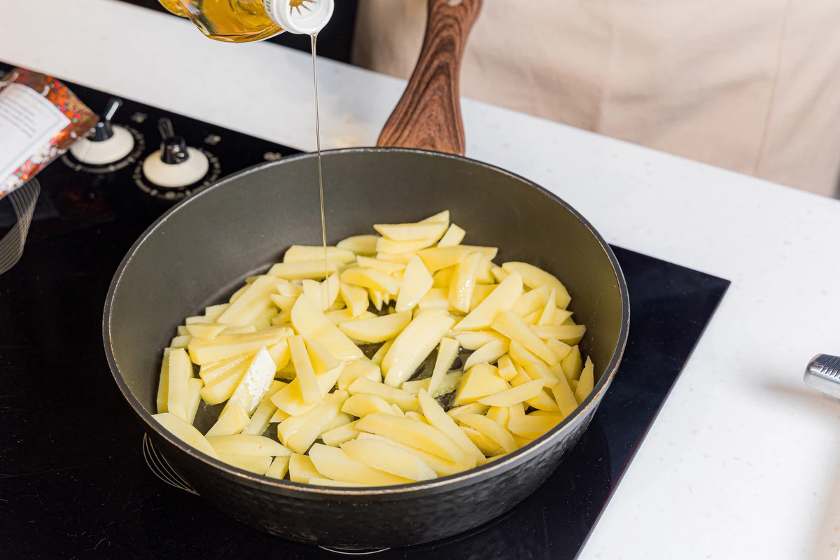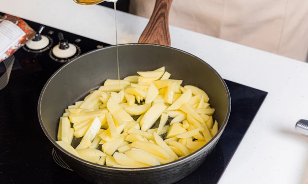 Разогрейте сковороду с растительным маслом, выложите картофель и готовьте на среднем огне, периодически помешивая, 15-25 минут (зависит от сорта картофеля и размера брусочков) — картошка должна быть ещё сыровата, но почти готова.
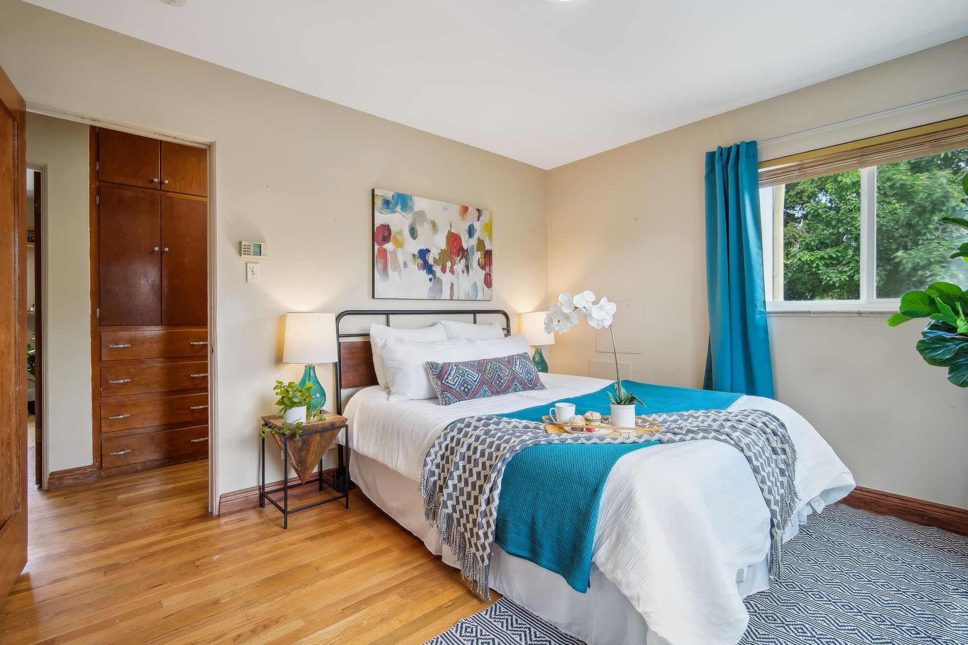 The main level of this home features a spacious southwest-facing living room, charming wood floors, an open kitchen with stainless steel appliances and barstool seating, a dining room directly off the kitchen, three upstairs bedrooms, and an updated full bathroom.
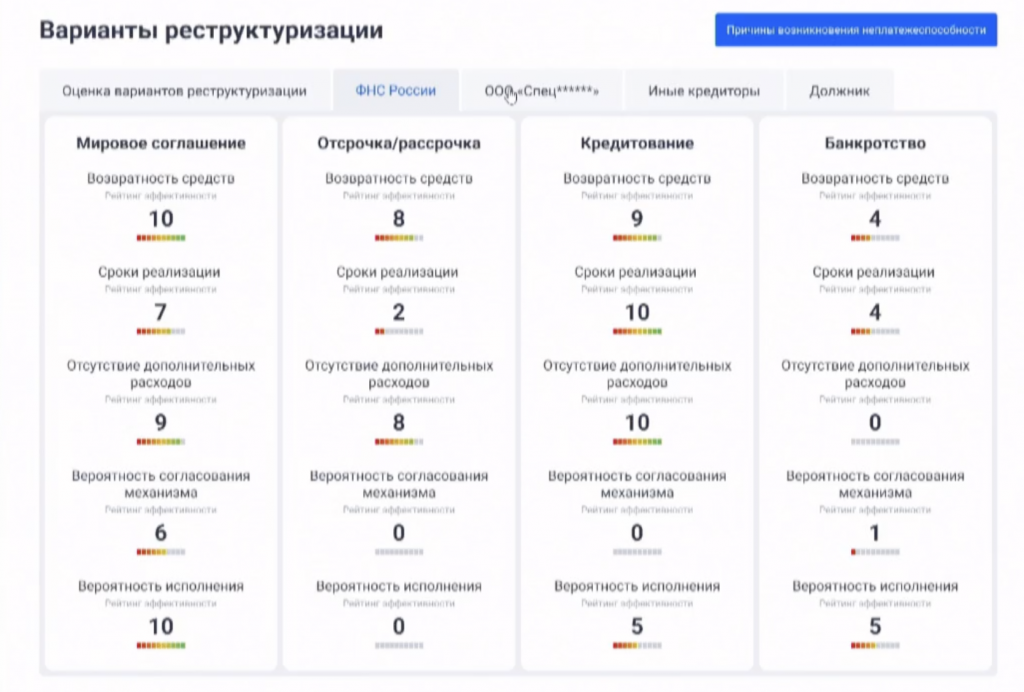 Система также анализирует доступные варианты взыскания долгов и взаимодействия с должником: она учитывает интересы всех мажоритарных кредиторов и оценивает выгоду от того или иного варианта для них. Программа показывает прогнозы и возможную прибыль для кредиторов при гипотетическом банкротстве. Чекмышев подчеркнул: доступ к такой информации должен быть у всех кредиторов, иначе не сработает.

Assignment:
Copy out the material above exactly; the images stay out.

Your solution:
 Разогрейте сковороду с растительным маслом, выложите картофель и готовьте на среднем огне, периодически помешивая, 15-25 минут (зависит от сорта картофеля и размера брусочков) — картошка должна быть ещё сыровата, но почти готова.
 The main level of this home features a spacious southwest-facing living room, charming wood floors, an open kitchen with stainless steel appliances and barstool seating, a dining room directly off the kitchen, three upstairs bedrooms, and an updated full bathroom.
 Система также анализирует доступные варианты взыскания долгов и взаимодействия с должником: она учитывает интересы всех мажоритарных кредиторов и оценивает выгоду от того или иного варианта для них. Программа показывает прогнозы и возможную прибыль для кредиторов при гипотетическом банкротстве. Чекмышев подчеркнул: доступ к такой информации должен быть у всех кредиторов, иначе не сработает.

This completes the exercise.